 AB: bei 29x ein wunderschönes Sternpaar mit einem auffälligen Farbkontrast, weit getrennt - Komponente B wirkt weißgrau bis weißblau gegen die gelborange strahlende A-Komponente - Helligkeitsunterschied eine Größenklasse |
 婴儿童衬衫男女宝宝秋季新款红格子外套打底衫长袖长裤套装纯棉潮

* * *

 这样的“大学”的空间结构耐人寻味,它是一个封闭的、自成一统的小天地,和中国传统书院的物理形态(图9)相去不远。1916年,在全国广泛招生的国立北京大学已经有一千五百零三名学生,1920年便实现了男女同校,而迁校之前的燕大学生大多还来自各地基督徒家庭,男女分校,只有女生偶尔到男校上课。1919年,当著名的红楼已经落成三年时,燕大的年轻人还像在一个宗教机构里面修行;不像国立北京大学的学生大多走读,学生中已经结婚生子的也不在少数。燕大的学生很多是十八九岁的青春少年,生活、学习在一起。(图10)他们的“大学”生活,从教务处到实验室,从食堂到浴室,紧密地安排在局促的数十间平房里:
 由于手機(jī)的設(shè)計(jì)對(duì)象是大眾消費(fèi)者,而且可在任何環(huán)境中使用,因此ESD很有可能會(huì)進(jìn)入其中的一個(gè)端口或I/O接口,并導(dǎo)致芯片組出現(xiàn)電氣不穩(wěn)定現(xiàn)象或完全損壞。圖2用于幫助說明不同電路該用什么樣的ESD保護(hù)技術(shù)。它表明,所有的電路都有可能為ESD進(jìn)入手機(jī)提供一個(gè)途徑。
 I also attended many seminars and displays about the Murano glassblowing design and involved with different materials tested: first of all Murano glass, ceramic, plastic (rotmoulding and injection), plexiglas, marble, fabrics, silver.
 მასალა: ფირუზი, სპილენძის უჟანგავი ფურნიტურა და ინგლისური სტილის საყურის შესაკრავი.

--

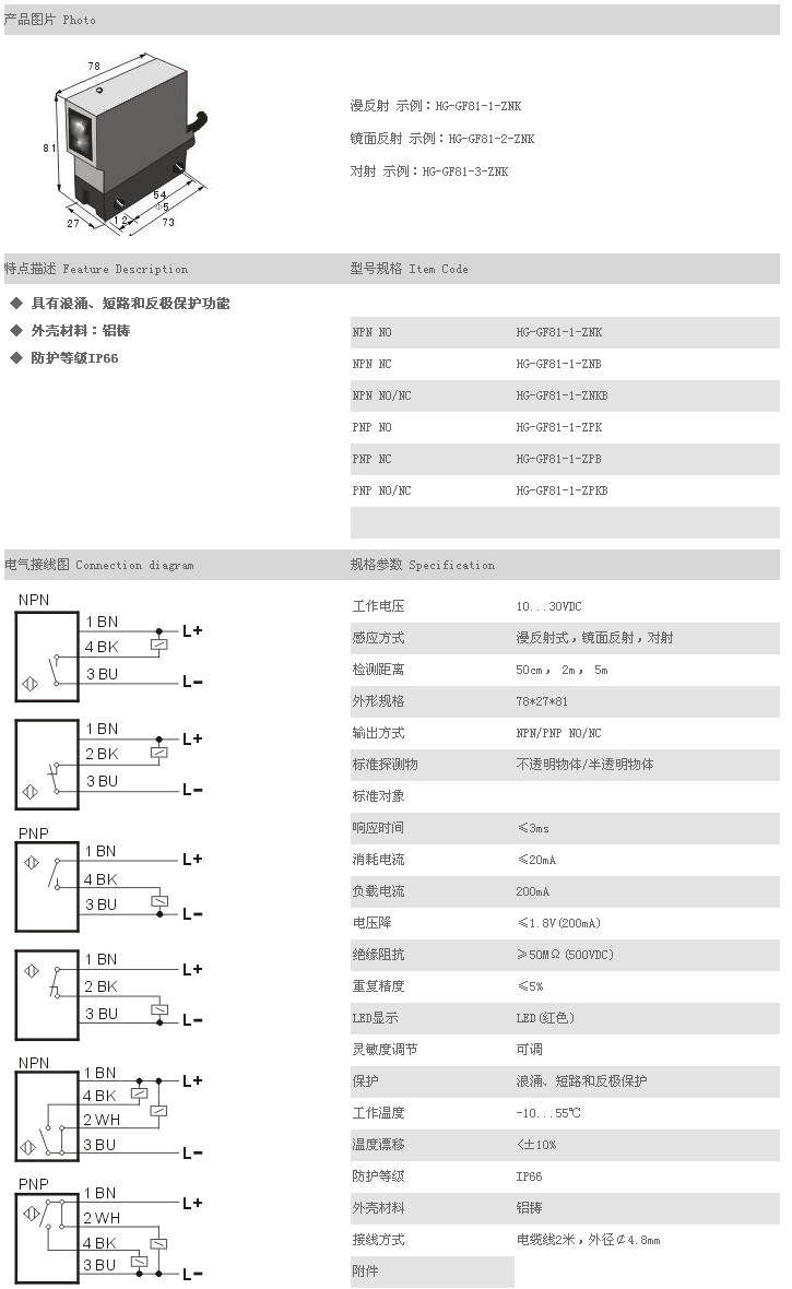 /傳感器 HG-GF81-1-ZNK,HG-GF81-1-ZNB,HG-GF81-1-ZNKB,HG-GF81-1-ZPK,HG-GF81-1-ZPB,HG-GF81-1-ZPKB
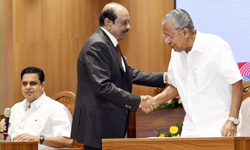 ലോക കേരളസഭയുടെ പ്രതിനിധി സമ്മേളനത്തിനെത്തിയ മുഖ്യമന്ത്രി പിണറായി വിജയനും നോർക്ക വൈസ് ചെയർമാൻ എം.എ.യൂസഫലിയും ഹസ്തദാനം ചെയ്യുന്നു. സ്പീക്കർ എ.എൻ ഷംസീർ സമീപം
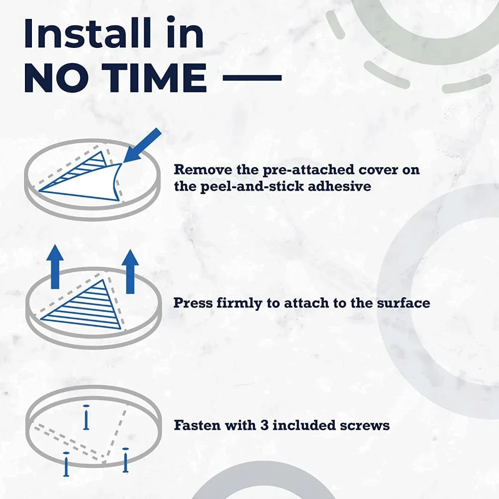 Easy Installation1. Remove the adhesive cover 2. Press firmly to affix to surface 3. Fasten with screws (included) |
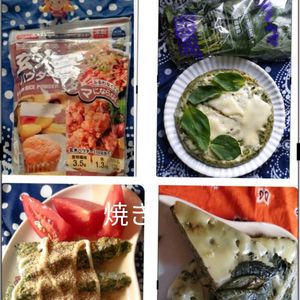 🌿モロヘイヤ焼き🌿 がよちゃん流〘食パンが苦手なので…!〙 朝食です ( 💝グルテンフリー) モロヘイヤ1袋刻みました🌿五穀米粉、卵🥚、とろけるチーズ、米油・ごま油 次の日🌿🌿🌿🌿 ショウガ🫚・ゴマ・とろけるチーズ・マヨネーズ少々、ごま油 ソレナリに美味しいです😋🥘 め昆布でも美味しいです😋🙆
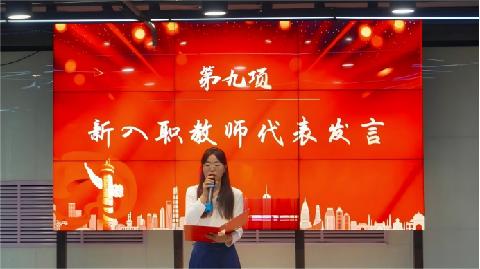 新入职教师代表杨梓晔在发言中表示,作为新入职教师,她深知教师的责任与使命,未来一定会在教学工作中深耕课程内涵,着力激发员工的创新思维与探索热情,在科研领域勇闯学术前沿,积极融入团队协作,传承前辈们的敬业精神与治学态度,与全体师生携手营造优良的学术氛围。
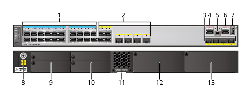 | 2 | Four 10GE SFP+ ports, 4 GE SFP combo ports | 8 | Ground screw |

** TASK **
Look through the material above. Transcribe exactly the lines between the ones with "新入职教师代表杨梓晔在发言中" and "Ground screw |", inclusive, and keep pictures out.

** EXERCISE SOLUTION **
 新入职教师代表杨梓晔在发言中表示,作为新入职教师,她深知教师的责任与使命,未来一定会在教学工作中深耕课程内涵,着力激发员工的创新思维与探索热情,在科研领域勇闯学术前沿,积极融入团队协作,传承前辈们的敬业精神与治学态度,与全体师生携手营造优良的学术氛围。
 | 2 | Four 10GE SFP+ ports, 4 GE SFP combo ports | 8 | Ground screw |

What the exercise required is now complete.